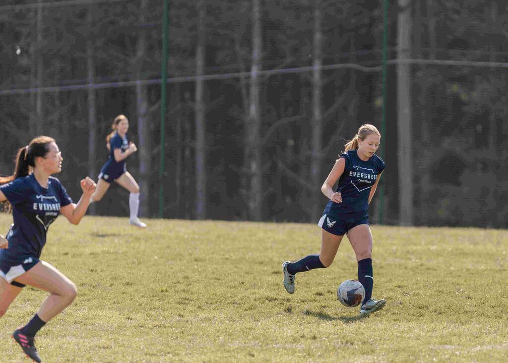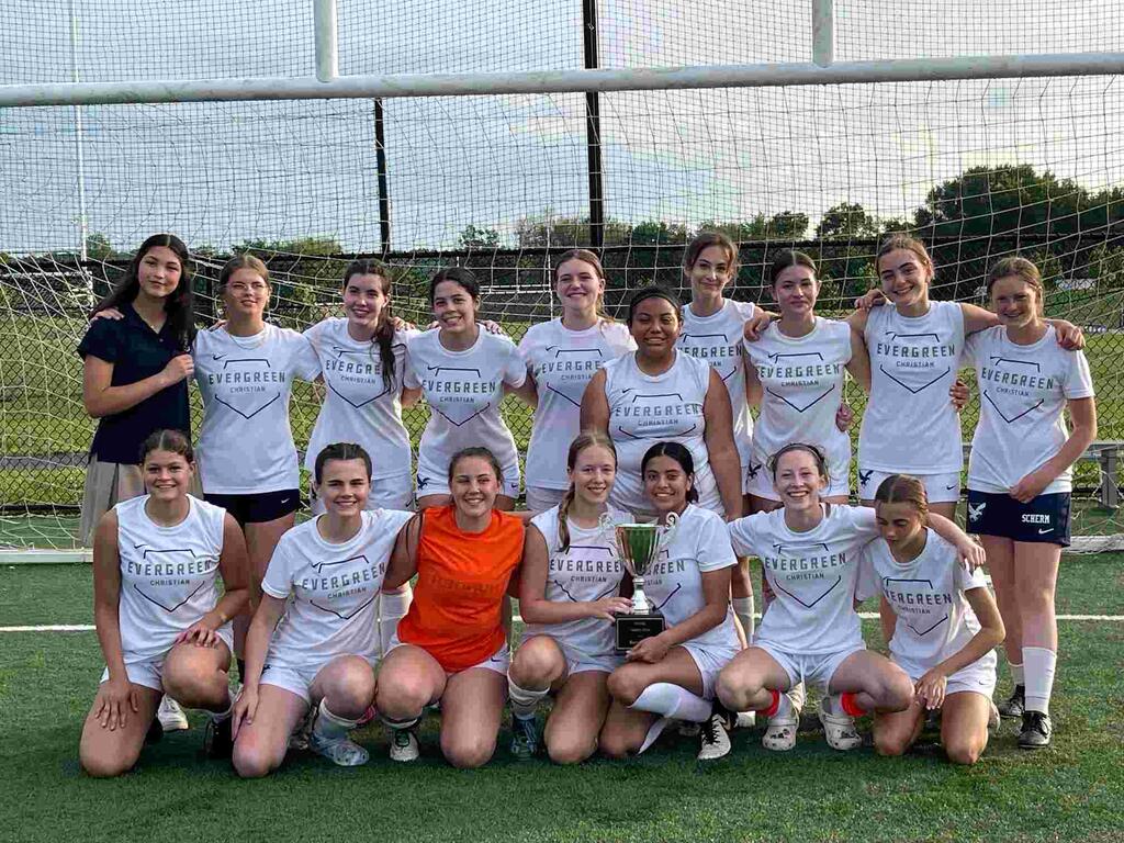 We couldn’t be prouder of the '23-'24 Evergreen Christian Varsity Girls Soccer team. They started off the new year with only nine girls interested in joining the first-year team, eventually growing to a full, 18-girl roster come early March. Our first-year coach (Coach B) had the girls ready for game 1 by March 20. They walked away from that game with a win and never looked back. They finished their season 7-1 in the NVIAC and took 2nd place in the tournament. We can’t wait to see what the future holds as ECS athletes continue to be a light for the Lord both on and off the field.
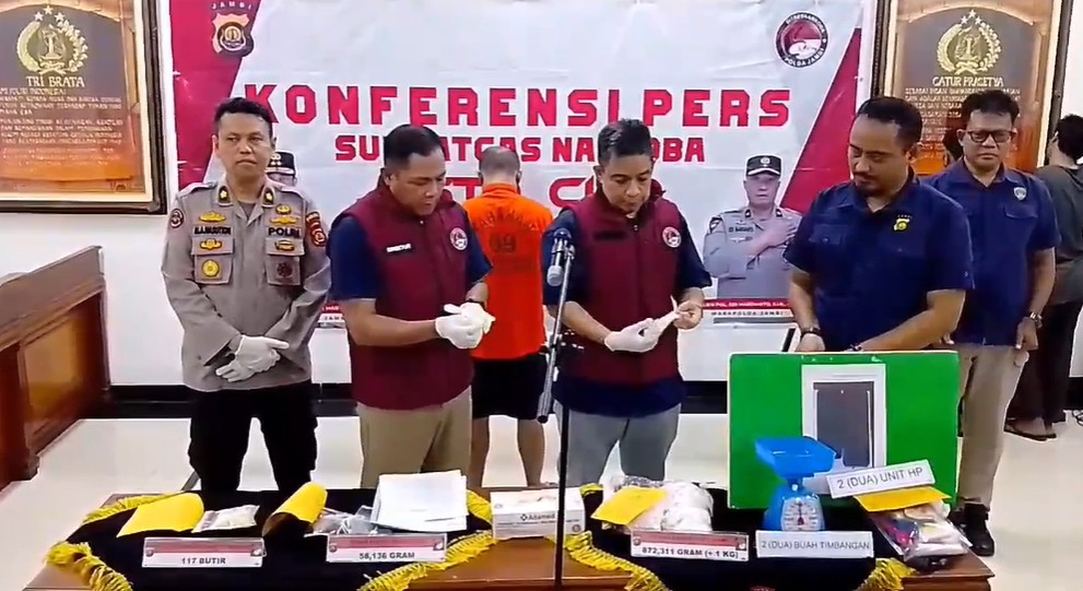 Pemayung.id – Diresnarkoba Polda Jambi menangkap pengedar jaringan Lapas berinisial D (38). Narkoba jenis sabu, ganja dan pil ektasi senilai Rp1 miliar lebih disita.
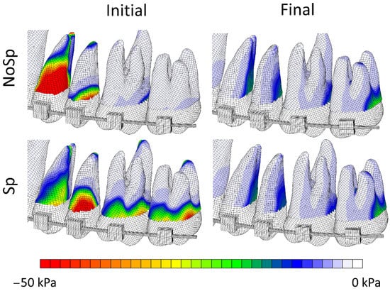 Figure 8 shows the stress distribution over the PDL. The red-colored regions indicate highly compressed regions where the minimum principal stress (i.e., compression stress) was lower than −40 kPa. As for the NoSp model, a large highly compressed region was observed in the PDL of the first premolar, while a smaller region was observed in that of the molars at the initial displacement. The minimum principal stress of the most highly compressed region in the first premolar reached −159.1 kPa. As for the Sp model, a highly compressed region was observed on every tooth—especially on the distobuccal side at the initial displacement. The most highly compressed region was observed in the second premolar, and its minimum principal stress was −82.1 kPa. After a number of iterations of the bone remodeling operation in the simulation, the stress distribution became similar in all teeth. However, the compression level was still slightly higher at the first premolar in the NoSp model than in the Sp model when the simulation was finished.
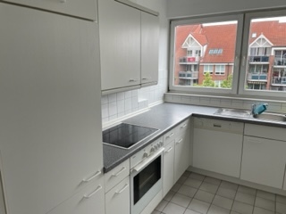 Von dort aus gelangt man in die Wohnküche, die als funktionale Küchenzeile gestaltet ist. Helle Fronten, ein Fliesenspiegel und die integrierten Elektrogeräte sorgen für eine aufgeräumte Optik und kurze Wege im täglichen Ablauf.
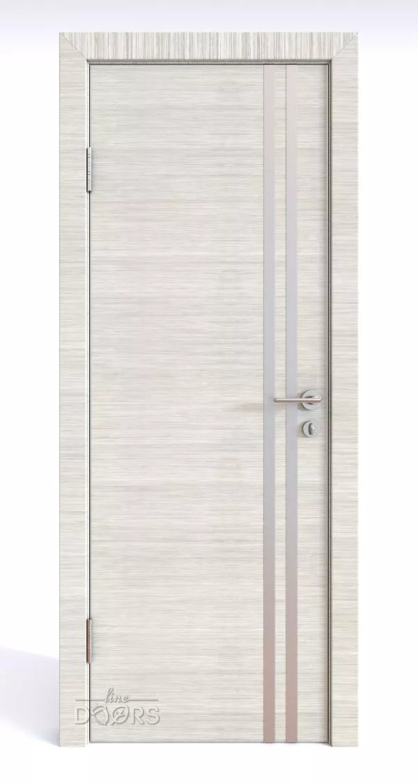 DG-506 Ива светлая с декоративными вставками под алюминий - межкомнатная дверь с алюминиевой кромкой по вертикальным торцам полотна и предустановленным магнитным замком.
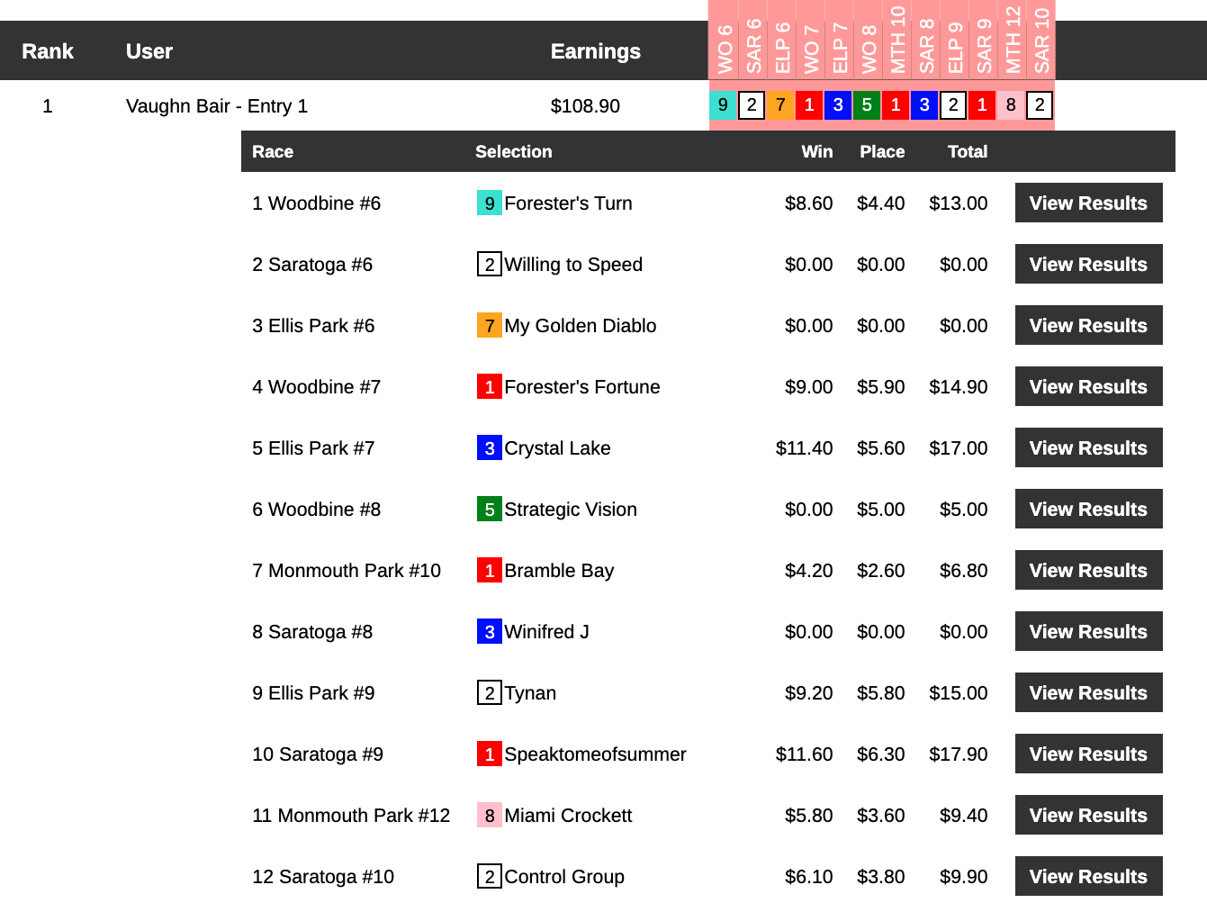 Bair was a bear to his opponents, recording 8 wins and a place. Here is his Sunday scorecard:

****************************************

**ABOUT THIS TASK**. Omit every picture, and otherwise quote the entries exactly.

**EXERCISE RESPONSE**.
 We couldn’t be prouder of the '23-'24 Evergreen Christian Varsity Girls Soccer team. They started off the new year with only nine girls interested in joining the first-year team, eventually growing to a full, 18-girl roster come early March. Our first-year coach (Coach B) had the girls ready for game 1 by March 20. They walked away from that game with a win and never looked back. They finished their season 7-1 in the NVIAC and took 2nd place in the tournament. We can’t wait to see what the future holds as ECS athletes continue to be a light for the Lord both on and off the field.
 Pemayung.id – Diresnarkoba Polda Jambi menangkap pengedar jaringan Lapas berinisial D (38). Narkoba jenis sabu, ganja dan pil ektasi senilai Rp1 miliar lebih disita.
 Figure 8 shows the stress distribution over the PDL. The red-colored regions indicate highly compressed regions where the minimum principal stress (i.e., compression stress) was lower than −40 kPa. As for the NoSp model, a large highly compressed region was observed in the PDL of the first premolar, while a smaller region was observed in that of the molars at the initial displacement. The minimum principal stress of the most highly compressed region in the first premolar reached −159.1 kPa. As for the Sp model, a highly compressed region was observed on every tooth—especially on the distobuccal side at the initial displacement. The most highly compressed region was observed in the second premolar, and its minimum principal stress was −82.1 kPa. After a number of iterations of the bone remodeling operation in the simulation, the stress distribution became similar in all teeth. However, the compression level was still slightly higher at the first premolar in the NoSp model than in the Sp model when the simulation was finished.
 Von dort aus gelangt man in die Wohnküche, die als funktionale Küchenzeile gestaltet ist. Helle Fronten, ein Fliesenspiegel und die integrierten Elektrogeräte sorgen für eine aufgeräumte Optik und kurze Wege im täglichen Ablauf.
 DG-506 Ива светлая с декоративными вставками под алюминий - межкомнатная дверь с алюминиевой кромкой по вертикальным торцам полотна и предустановленным магнитным замком.
 Bair was a bear to his opponents, recording 8 wins and a place. Here is his Sunday scorecard:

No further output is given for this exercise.